# Youth Bow Recommendations



## Spardon (Oct 13, 2005)

My soon to be 5 year old played with a cheap little toy recurve at my parents this summer and did surprisingly well at drawing and releasing. 

His birthday is coming up and I want to get him one of these small compounds that a few of the companies have out. 

Anyone have experience with any? Any to recommend or to stay away from?

Hes pretty set on being a lefty, but can do some things right.

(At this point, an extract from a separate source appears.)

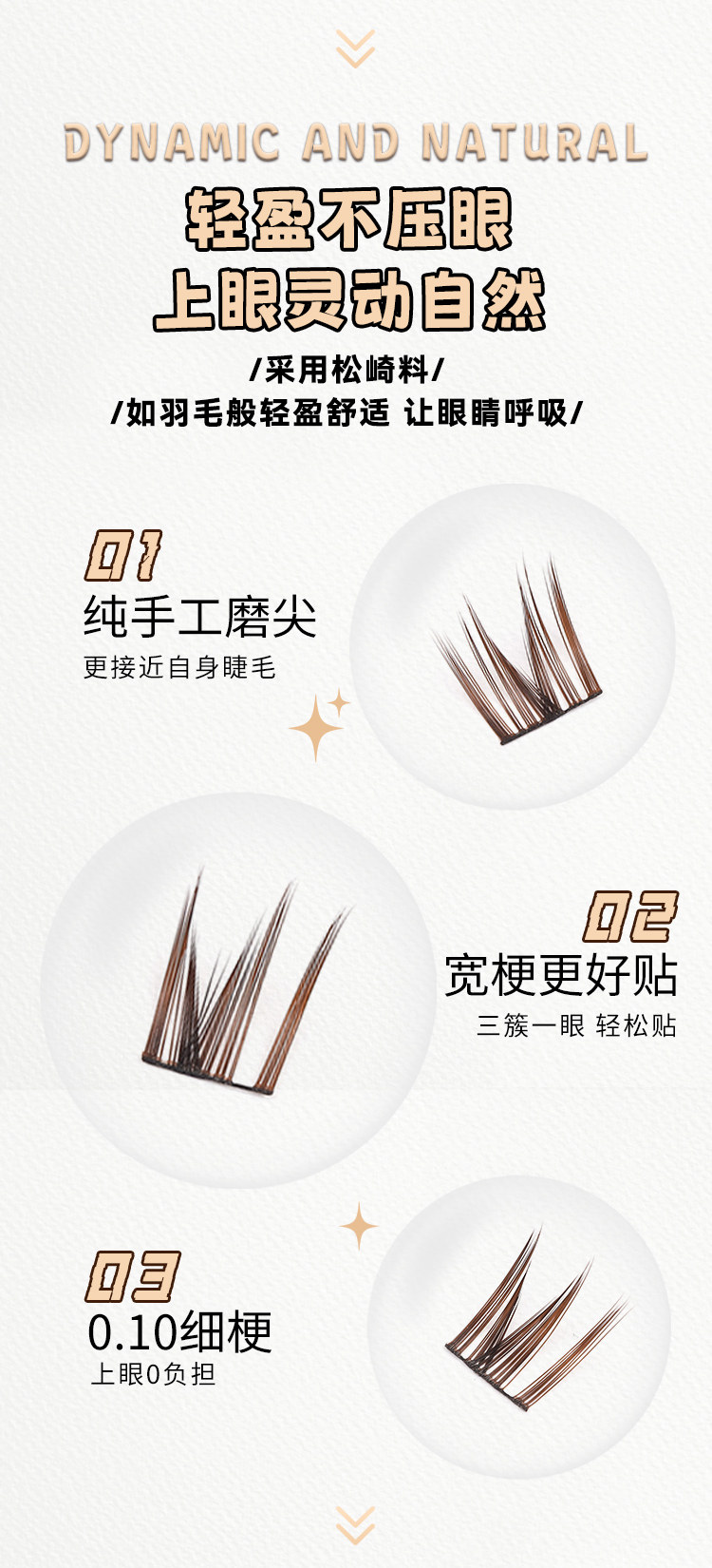 False Eyelashes Style Big Round Eyes❤️Honey Tea Brown 12-13.5mm,Small Wind Chime❤Big Dudu 9.5-13mm (48 Clusters),Small Round Eyes❤️Honey Tea Brown 9-10.5mm,Slim Eyes❤️Cold Tea Brown 9-11.5mm,Small Wind Chime❤️Xiaoxiaodu 8-11.5mm (48 Clusters),Small Wind Chime❤️Just Right 9-12mm (48 Clusters),[Glue-Free]Big Round Eyes-Honey Tea Brown (12-13.5mm),[Glue-Free]Slender Eyes - Cold Tea Brown (9-11.5mm),[Glue-Free Model]Small Wind Chime❤Just Right (48 Clusters),[Glue-Free Model]Small Wind Chime❤Little Dudu Brown (48 Clusters),Small Sticker❤ 9-11mm (42 Clusters) Glue-Free Model,Small Sticker❤ 9.5-13mm (42 Clusters) Glue-Free Model,Small Sticker❤ 9-11mm (48 Clusters),Small Sticker❤ 9.5-13mm (48 Clusters),Little Daisy❤Add Some Brown 9-10.5mm (48 Clusters),Little Daisy❤Charge with Eyes Closed 10-11.5mm (48 Clusters),Little Daisy❤A Bit Long 12-13.5mm (48 Clusters),Little Daisy❤Add Some Brown (Extended Version) 11-12.5mm (48 Clusters),A Little Korean❤Daily 8-11mm (Formal 64 Clusters),A Little Korean❤Photogenic 9-12mm (64 Clusters in Formal Wear),Xiaohuajuan·Just Right 10-11.5mm (48 Clusters),[Glue]Butterfly and Phoenix Tail 2.0,[Lower Eyelashes]Kitten Claw·123 Wooden Man

I found this one and thought it might be a good starting point, but wonder if 13 lbs is too much for him. https://www.amazon.com/Gamo-Daisy-Y...rowse-bin:3365928011&s=hunting-fishing&sr=1-4

I'm not against a recurve either if someone has one they recommend.


----------



## Joe Archer (Mar 29, 2000)

Same bow I recommended for women archers; Diamond Infinite Edge! My daughter-in-shoots one, and have to say that I was impressed. 13 - 31 inch draw lengths, with draw weight from 5 to 70 pounds. 
Hard to top that in my opinion. 
<----<<<


----------



## outdoorsaddict99 (Jul 9, 2016)

Agreed with Joe. Diamond infinite edge if you can find a good used one on ebay, or if you want to save a little money look at the diamond Prism, 5-55 lb with the same draw length specs. you can find both pretty easily on ebay. He will be able to grow with the bow and you wont have anything to worry about for a long time. My 20 year old buddy still has one and kills deer every year.


----------



## Spardon (Oct 13, 2005)

Wow, didn't know such a bow existed. Not super sure how into it he'll end up, but I suppose I could always use it if he doesn't lol.

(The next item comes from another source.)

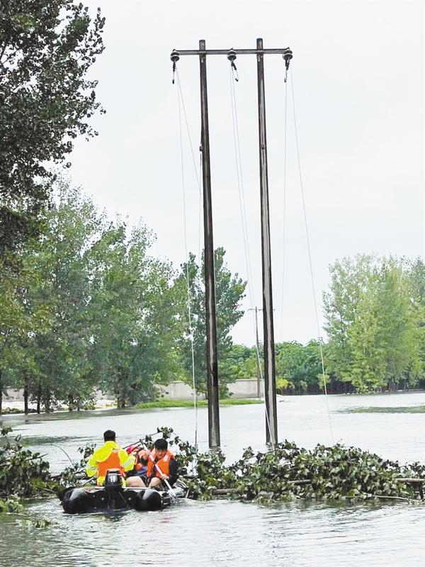 國(guó)網(wǎng)周口供電公司職工駕駛沖鋒舟在水中搶修線路。童之潔 攝

I'm not even sure where he got this idea from, but now he's telling me he wants a crossbow  I have one, but he's never even seen me shoot it so not sure how he got the idea to want one.

Thanks for the info on these Diamond bows. I'll definitely have to consider them.


----------



## Joe Archer (Mar 29, 2000)

Get him a compound and let him shoot your crossbow as well. In the back yard, it sure shouldn't take too long for him to prefer archery! 
<----<<<


----------



## michiganreaper (Sep 23, 2008)

Agreed with Joe also. Diamond infinite edge. They grow to fast. You can change the draw length and weight as needed.


----------



## Spardon (Oct 13, 2005)

Picked up a Diamond Infinite Edge for him off Ebay for a good price. Supposed to be here Wednesday. Probably take him with me to get it set up the following week. 

Thanks again for the suggestion.


----------



## Biggbear (Aug 14, 2001)

Spardon said:


> Wow, didn't know such a bow existed. Not super sure how into it he'll end up, but I suppose I could always use it if he doesn't lol.
> 
> I'm not even sure where he got this idea from, but now he's telling me he wants a crossbow  I have one, but he's never even seen me shoot it so not sure how he got the idea to want one.
> 
> Thanks for the info on these Diamond bows. I'll definitely have to consider them.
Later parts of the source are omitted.